Conclusions In an area exposed to high transmission of malaria, current WHO guidelines failed to identify almost a third of children with invasive bacterial disease, and more than half of the organisms isolated were not susceptible to currently recommended antimicrobials. Improved diagnosis and treatment of invasive bacterial disease are needed to reduce childhood mortality.

Footnotes

  • We thank the staff and patients of Teule Hospital for their cooperation during the study. Aikande Shoo, Halima Mohammed, Charles Mgaya, Selina Wycliffe, Emmanuel Swai, Edward Mtili, Christina Kemi, Stella Emmanuel, Rosalia Marwa, and Simphorosa Silaye were involved in clinical and laboratory data collection. Anne B Morrissey and Susan C Morpeth provided advice and support for microbiology.

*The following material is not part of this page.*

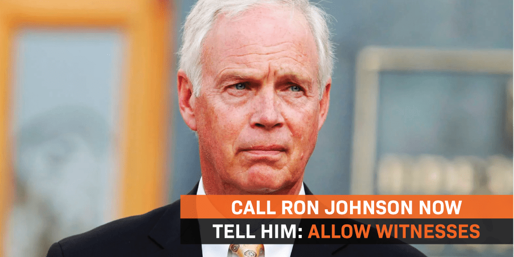 CALL NOW: Donald Trump broke the law, and Ron Johnson wants to make sure he gets away without a fair trial. WTF, Ron? Call him now and urge him to allow witnesses in the impeachment trial -- it's the right thing to do. Click here: http://wisdems.org/witnesses pic.twitter.com/2YRzTzK0wT

  • Contributors: BN was responsible for all the clinical data collection, contributed to the data analysis, and wrote the manuscript with HR. BA, DD, and JK were responsible for the laboratory analysis, drafted sections of the methods and provided critical review of the manuscript. GM was responsible for clinical data collection and contributed to the writing of the manuscript. JO was responsible for the statistical analysis and provided critical review of the manuscript. KC and FM were responsible for managing the data and provided critical review of the manuscript. HM, WM, and RM were responsible for clinical data collection and provided critical review of the manuscript. RO, JAC, and CJMW contributed to funding applications, study design, and critical review of the manuscript. HR was responsible for the study design, obtained core funding, co-wrote the manuscript, and contributed to the analysis; he is the guarantor.

  • Funding: Core funding for the study was provided by European Commission (Europaid) grant code SANTE/2004/078-607. BN was supported by grants from the Berkeley Fellowship, Sir Halley Stewart Trust, and Pfizer Pharmaceuticals. Pfizer Pharmaceuticals provided equipment and consumables for microbiology. Abbott Pharmaceuticals provided reagents for HIV testing. Netspear (www.netspear.org) funded the E-tests, which were performed at the KEMRI/Wellcome Trust Centre for Geographic Medicine (Coast), Kilifi, Kenya. None of the funders had a role in the design, analysis, or interpretation of results.

  • Competing interests: None declared.

  • Ethical approval: The study was approved by the ethics committees of the National Institute for Medical Research, Tanzania, and the London School of Hygiene and Tropical Medicine. Written informed consent was obtained from the caregiver of each child in the study, and pre-test counselling was provided before HIV testing.

  • Data sharing: Technical appendix, statistical code, and dataset are available from the corresponding author (hugh.reyburn{at}lshtm.ac.uk). Specific consent for data sharing was not obtained prospectively from study participants but may be granted by the Tanzanian national ethical review board.